Before taking up the captaincy of the national side, Lipu had already proved himself as a successful leader in domestic cricket. He was successful as captain of Abahani KC in the Dhaka League, and as the captain of Dhaka University in national cricket. Also, in January 1985, he led the Bangladesh U-25 side against a touring New Zealand team.
According to many analysts, the era of Lipu's captaincy saw the most significant developments in Bangladesh cricket. While the national team failed to achieve expected results, the period saw a number of talented cricketers like Minhajul Abedin, Athar Ali Khan, Akram Khan, Gholam Nousher, Aminul Islam and few others emerge as quality international players. These players would be the stars of the Bangladesh side throughout the 90's and beyond. More importantly, during the second half of the 80's, professionalism entered Bangladesh cricket and at the same time cricket became increasingly popular among the young generation.

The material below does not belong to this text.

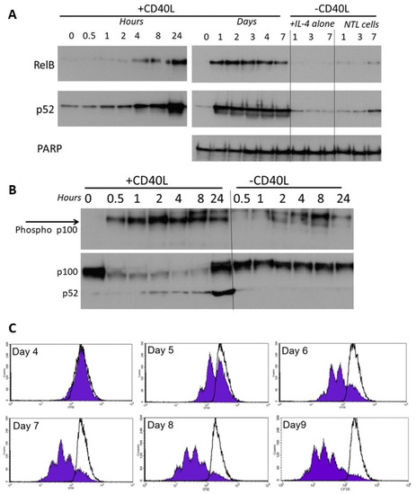 RelB and p52 are activated following CD40L-induced stimulation. (A) Nuclear extracts were prepared from CLL cells at specific times following co-culture on CD40L-expressing cells (n = 6, representative example shown). CLL cells with IL-4 alone, or cells lacking CD40L expression were used as controls. (B) Phosphorylation of cytoplasmic p100 was measured over 0.5 to 24 h after CD40 stimulation (and compared to the control (“—CD40L” conditions). (C) CLL cells were stained with CFSE and co-cultured (+10 ng/mL interleukin 4) on CD40L-expressing fibroblast cells or on the non-CD40L-expressing (NTL) cells (both of which had been growth-arrested with 75 Gy IR). Cell samples were removed daily and quantification of CFSE in CD19+ve CLL cells (flow cytometry), shows CLL cell proliferation (seen by sub-peaks of CFSE fluorescence) that continued throughout the period studied. CLL cells cultured on the non-CD40L-expressing cells (shown by overlaying black lines) have no CFSE sub-peaks (histograms from one case representative of 5 others).
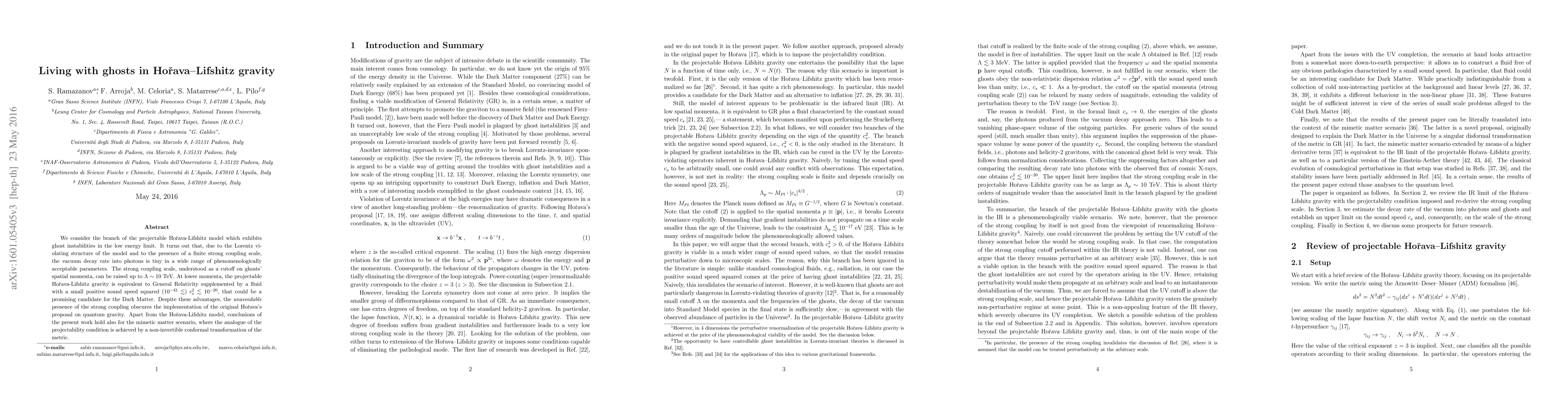 We consider the branch of the projectable Horava-Lifshitz model which exhibits ghost instabilities in the low energy limit. It turns out that, due to the Lorentz violating structure of the model and to the presence of a finite strong coupling scale, the vacuum decay rate into photons is tiny in a wide range of phenomenologically acceptable parameters. The strong coupling scale, understood as a cutoff on ghosts' spatial momenta, can be raised up to $\Lambda \sim 10$ TeV. At lower momenta, the projectable Horava-Lifshitz gravity is equivalent to General Relativity supplemented by a fluid with a small positive sound speed squared ($10^{-42}\lesssim$) $c^2_s \lesssim 10^{-20}$, that could be a promising candidate for the Dark Matter. Despite these advantages, the unavoidable presence of the strong coupling obscures the implementation of the original Horava's proposal on quantum gravity. Apart from the Horava-Lifshitz model, conclusions of the present work hold also for the mimetic matter scenario, where the analogue of the projectability condition is achieved by a non-invertible conformal transformation of the metric.

Even after retiring from international cricket Gazi Ashraf Lipu continued to be a successful captain in domestic arena. He led Abahani KC to the Dhaka league title in 1993–94. Faruk Ahmed, who was the captain of the national squad at that time was playing under him in League cricket.

Bangladeshi ODI captains
| Number | Name | Year | Played | Won | Tied | Lost | No result |
| 1 | Gazi Ashraf | 1985/6-1989/90 | 7 | 0 | 0 | 7 | 0 |

Bangladeshi ICC Trophy captains
Number: Name; Year; Played; Won; Tied; Lost; No result; Where finished
2: Gazi Ashraf; 1986; 6; 2; 0; 4; 0; Sixth in qualifying group
1990: 7; 5; 0; 2; 0; Semi-Finalists
Total: 13; 7; 0; 6; 0

Gazi Ashraf captaincy record in major competitions
| Year | Tournament | Venue | Result |
| 1986 | 2nd Asia Cup | Sri Lanka | 3rd among 3 Countries |
| 1986 | 3rd ICC Trophy | England | Eliminated in the 1st round (6th in a group of 7 teams) |
| 1988 | 2nd South East Asian Cup | Hong Kong | Champion |
| 1988 | 3rd Asia Cup | Bangladesh | 4th among 4 countries |
| 1990 | 2nd Austral-Asia Cup | Sharjah (UAE) | Eliminated in the 1st round (3rd in a group of 3 teams) |
| 1990 | 4th ICC Trophy | Netherlands | 3rd Place (17 teams competed) |

| Preceded byRaquibul Hasan | Bangladeshi cricket Captains 1985–1990 | Succeeded byMinhajul Abedin |

| Preceded byShafiq-ul-Haq | Bangladeshi ICC Trophy Captains 1986, 1990 | Succeeded byFaruk Ahmed |

==As a cricket administrator==
In recent years, Lipu has successfully served different top level administrative positions in Bangladesh cricket. He is still heavily involved with the development of cricket in Bangladesh.